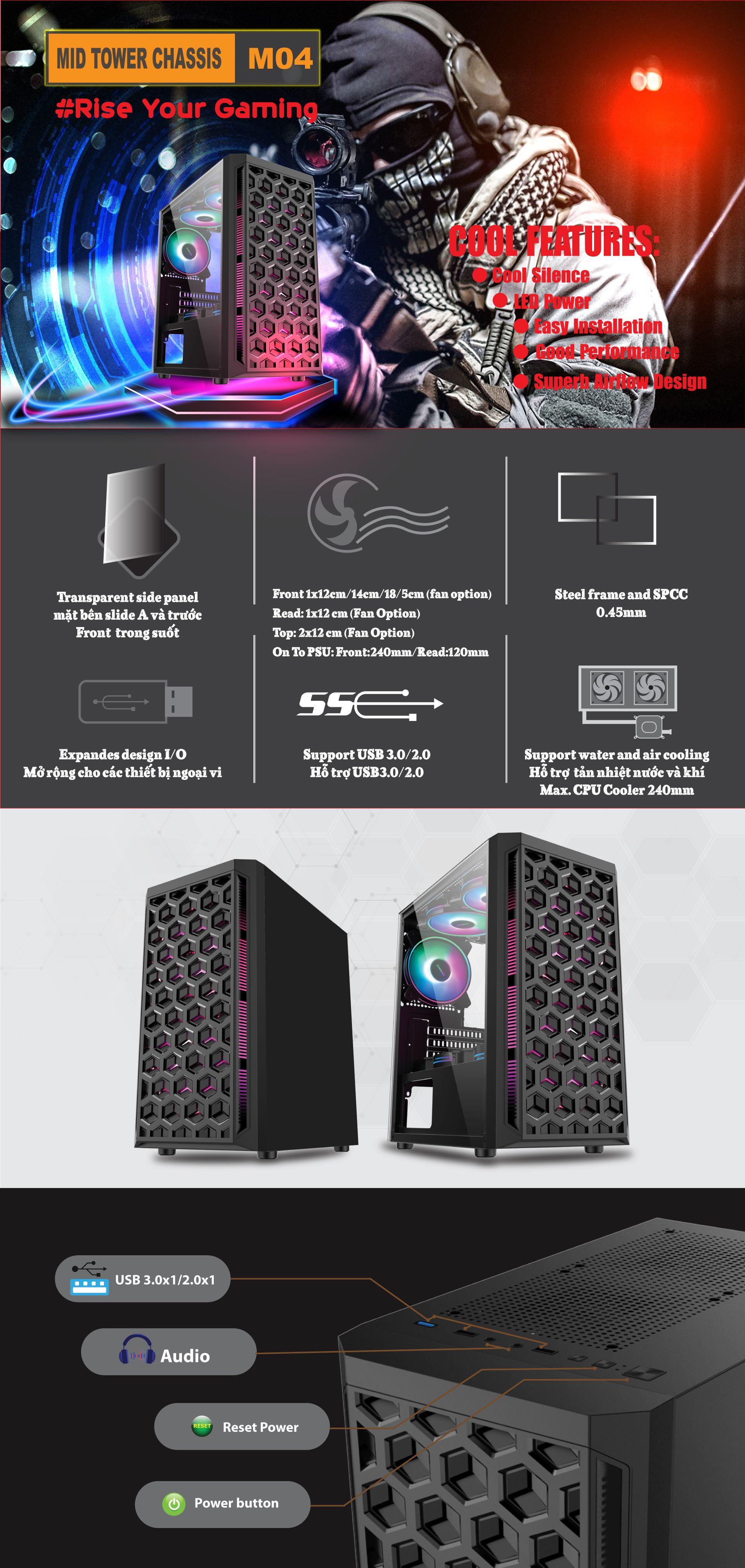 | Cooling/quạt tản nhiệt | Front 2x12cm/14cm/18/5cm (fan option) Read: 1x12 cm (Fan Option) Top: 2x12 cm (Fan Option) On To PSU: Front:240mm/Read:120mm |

--

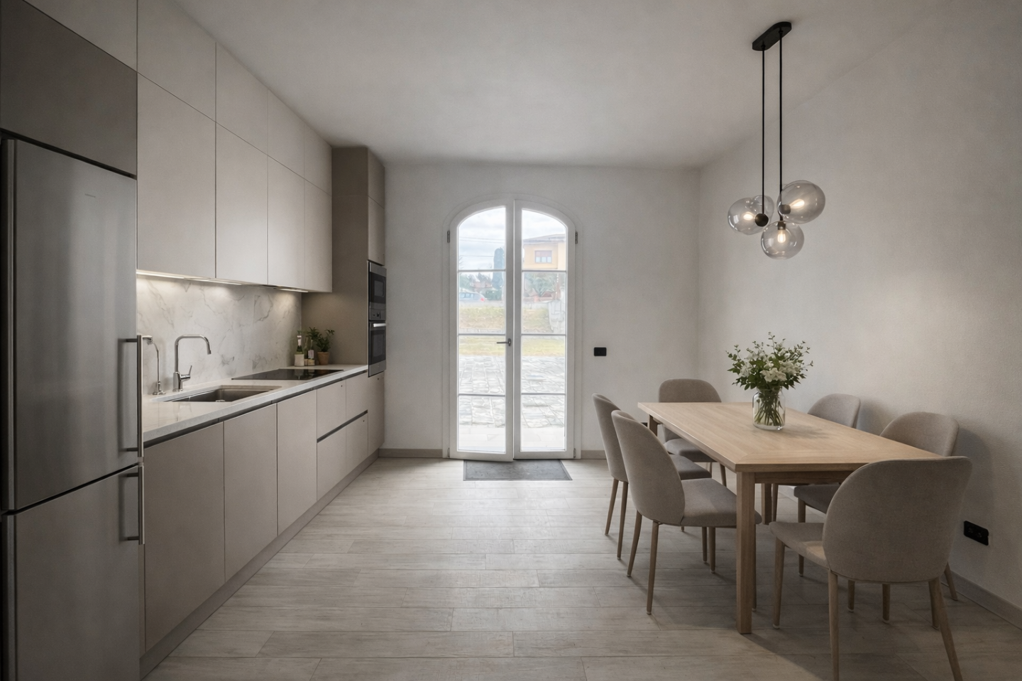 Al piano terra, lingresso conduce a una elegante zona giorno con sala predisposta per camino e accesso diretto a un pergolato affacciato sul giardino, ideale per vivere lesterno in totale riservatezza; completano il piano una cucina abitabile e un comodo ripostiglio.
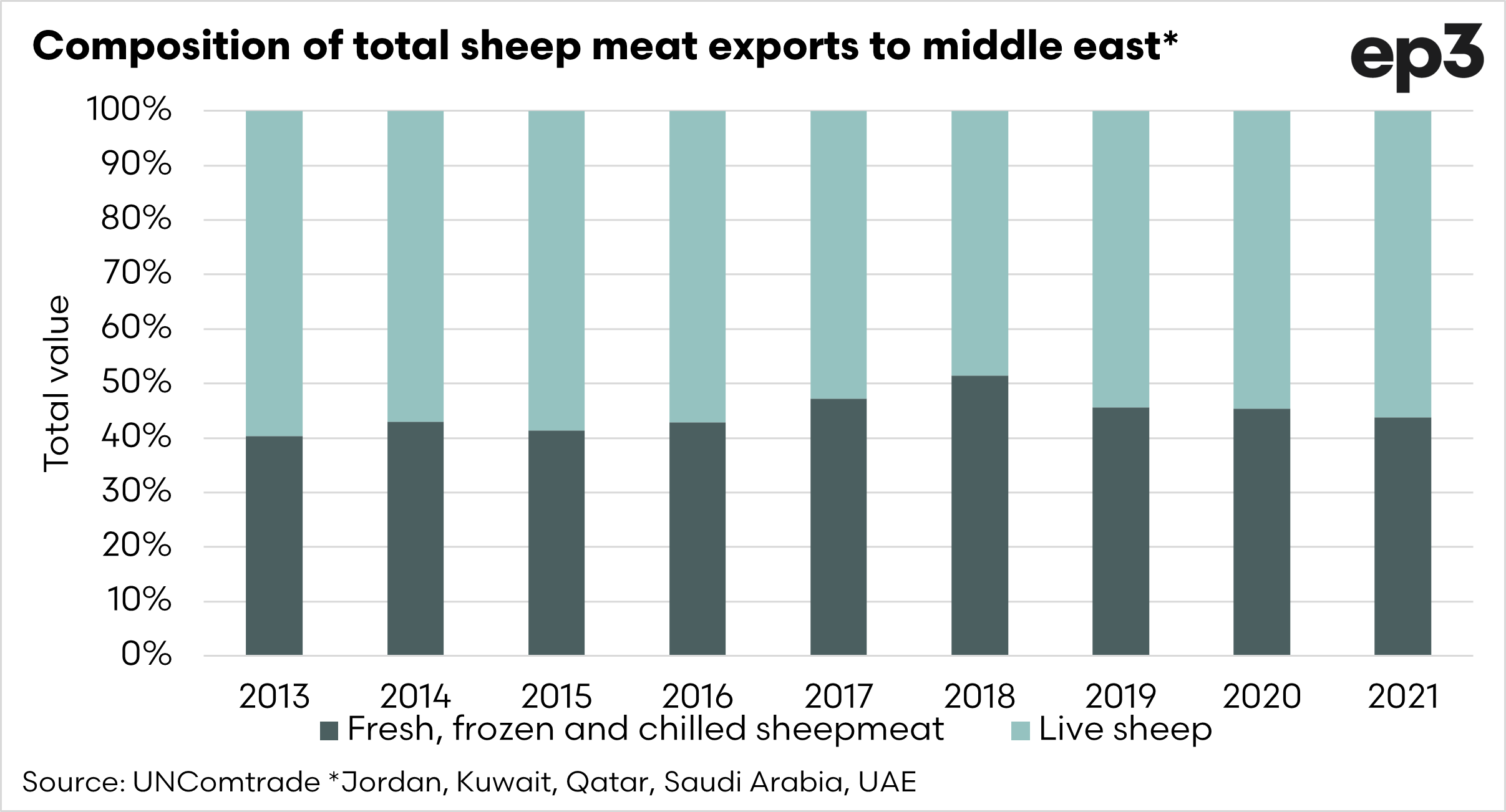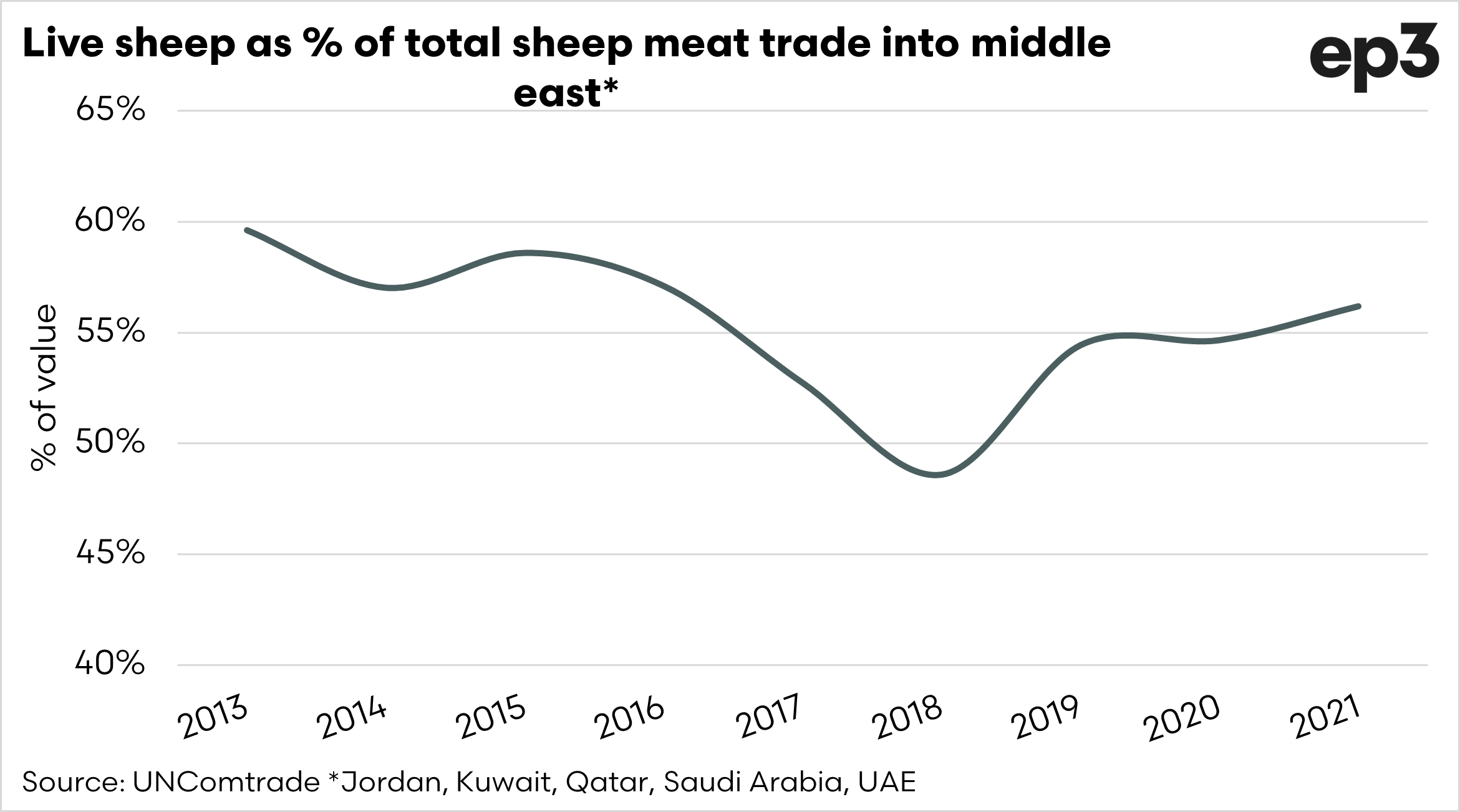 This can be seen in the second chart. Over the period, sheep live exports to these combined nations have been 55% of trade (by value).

---

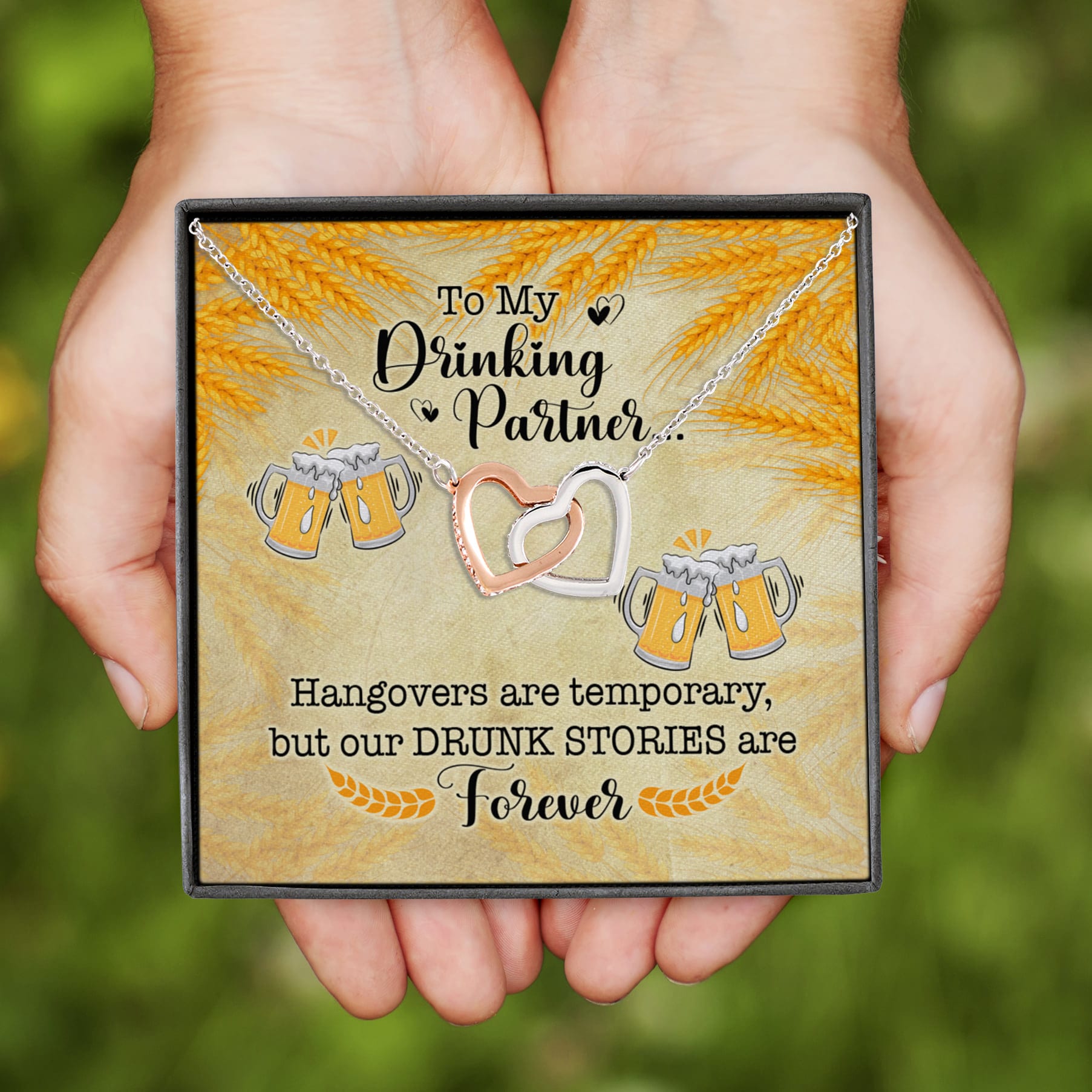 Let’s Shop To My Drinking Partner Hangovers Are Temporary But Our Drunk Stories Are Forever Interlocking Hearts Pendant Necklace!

** What you have to do **
Return exactly the part of the listing above that opens with the line containing "Al piano terra, lingresso" and closes with the line containing "This can be". Pictures stay out.

** Exercise response **
 Al piano terra, lingresso conduce a una elegante zona giorno con sala predisposta per camino e accesso diretto a un pergolato affacciato sul giardino, ideale per vivere lesterno in totale riservatezza; completano il piano una cucina abitabile e un comodo ripostiglio.
 This can be seen in the second chart. Over the period, sheep live exports to these combined nations have been 55% of trade (by value).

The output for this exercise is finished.